Henrys Zitat stammt wörtlich aus Christoph Pezels Buch „ Außführliche, warhaffte und bestedige Erforschung “ von 1590 , und er erwähnt Pezel in einer Fußnote zum Absatz vor der Geschichte. Viele Quellen weisen darauf hin, dass die Geschichte von Pezel stammt.

Glaubwürdigkeit

Ich fand ein paar Historiker, die abwogen, ob die Geschichte glaubwürdig sei oder nicht.

Paul Henry sagt in The Life and Times of John Calvin , dass die Geschichte „alle inneren Zeichen der Wahrheit“ trägt und „an keinem der äußeren fehlt“.

Julius Köstlin sagt in Theologie Luthers in ihrer historischen Entwicklung und inneren Harmonie Teil 2 (S. 191):

Unter diesen Umständen [der Abkühlung von Luthers Haltung gegenüber Bucer] liegt in dem Bericht, dass er das inzwischen von Calvin herausgegebene Traktat über das Abendmahl mit Jubel begrüßte, keine innere Unwahrscheinlichkeit, obgleich fraglich ist, inwieweit Pezels Darstellung dieses Vorfalls ist vertrauenswürdig.

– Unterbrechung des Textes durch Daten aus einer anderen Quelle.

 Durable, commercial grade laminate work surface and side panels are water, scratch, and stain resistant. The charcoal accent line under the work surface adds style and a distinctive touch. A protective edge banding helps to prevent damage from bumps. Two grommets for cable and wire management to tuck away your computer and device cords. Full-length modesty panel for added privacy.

Johann Karl Ludwig Gieseler kommt zu dem Schluss, dass die Geschichte glaubwürdig ist, während er eine andere, aber verwandte Angelegenheit in A Text-book of Church History: AD 1517-1648 (The Reformation and its Results to the Peace of Westfalen) ( S. 414 n. 43 ) diskutiert. :

Da Luther zu dieser Zeit [1539] die Institutionen Calvins gekannt haben muss, folgt aus den Erklärungen dieses Briefes, dass er damals mit seiner [Calvins] Lehre über das Abendmahl zufrieden war; und außerdem stimmte es auch voll und ganz mit dem überein, wozu die Schweizer 1536 Luther ihre Zustimmung erklärt hatten. So sind die Bekenntnisse Luthers über Calvin glaubwürdig, von Christoph gegeben. Pezel.

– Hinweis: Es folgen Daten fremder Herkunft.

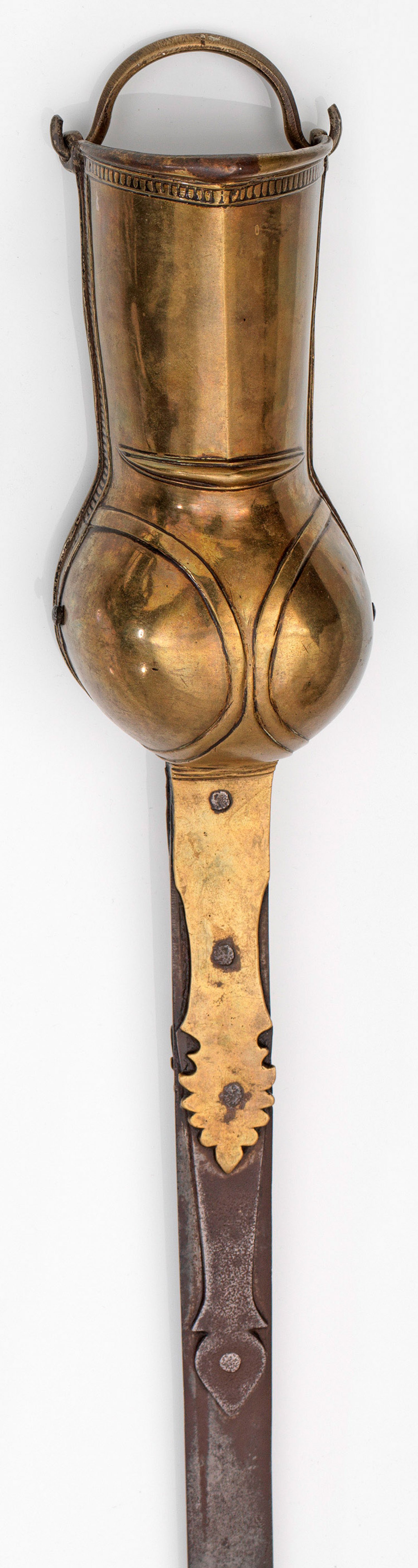 Indische Pata Zweischneidige, flexible und vernietete Eisenklinge. Getriebener Hand- und Unterarmschutz aus Messing in Form einer abgerundeten, geballten Faust. Die Ränder mit schlichtem Stabfries verziert. Innenseitig Griff und Gegenbügel für Halt am Unterarm. Das Pata wurde als Hiebwaffe oder Lanze von der Kavallerie gegen die gegnerische Infanterie eingesetzt. Altersbedingte Gebrauchsspuren. L. 120 cm.

Brian Gerrish fragt sich, ob die Geschichte zuverlässig ist, in The Old Protestantism and the New ( S. 286, Anm. 53 ):

Mülhaupt ("Luther und Calvin", S. 103) vermutet, dass diese Geschichte nur eine Ausschmückung des Vorfalls ist, den Calvin Farel in seinem Brief vom 20. November 1539 gemeldet hat, in dem, wie wir gesehen haben, die fragliche Schrift nicht identifiziert wird. Aber das ist reine Vermutung, und die Geschichte mag durchaus authentisch sein; Pezel erzählt ausführlich und nennt auch den Zeugen (einen von Luthers Tischgenossen), von dem der Vorfall stammt. Andererseits wird an zwei Stellen der Tafelrede deutlich, dass Luthers Haltung gegenüber Calvin in den letzten Jahren seines Lebens eine Mischung aus Respekt und Misstrauen war: WATr. 5.51.19 (Nr. 5303) und 461.18 (Nr. 6050).

Auf Calvins Brief an Farel und die beiden Tischgesprächspassagen wird weiter unten im Abschnitt „Luther über Calvin“ kurz eingegangen.

Rudolph Hospinian erzählte die Geschichte auch (kürzer) in seiner Geschichte der Sakramente (1598), obwohl ich nur eine lateinische Version finden konnte und ich die Geschichte in dieser Ausgabe nicht finden konnte. Gerrish (auf der oben zitierten Seite) und Erwin Doumergue sagen, er sei ein unabhängiger Reporter, aber Gieseler glaubt, er habe es von Pezel geliehen. Sagt Doumergue ( Jean Calvin , S. 573 n. 1 ):

Hospinian hat keine Anleihen bei Pezel gemacht, weil er nach seiner Methode die Hauptpassagen wörtlich zitiert hätte. Sie hatten wahrscheinlich zwei verschiedene Quellen.

Es ist auch erwähnenswert, dass Pezel ein Lutheraner war, der für einen Großteil seines Lebens unter Verdacht stand, ein Krypto-Calvinist in Bezug auf die Sakramente zu sein, und Hospinian war Schweizer Reformierter , also war er entweder Calvinist oder Zwinglianer in Bezug auf die Sakramente.

Luther über Calvin

Gerrish hat an anderer Stelle einen Überblick über Luthers Äußerungen über Calvin mit dem Titel „ Luther and the Reformed Eucharist: What Luther Said, or Might Have Said About Calvin “ geschrieben. James Swan hat in seinem Blogbeitrag „ Luther and Calvin... Friends or Enemies? “ eine hilfreiche Zusammenfassung von Gerrishs Artikel geschrieben.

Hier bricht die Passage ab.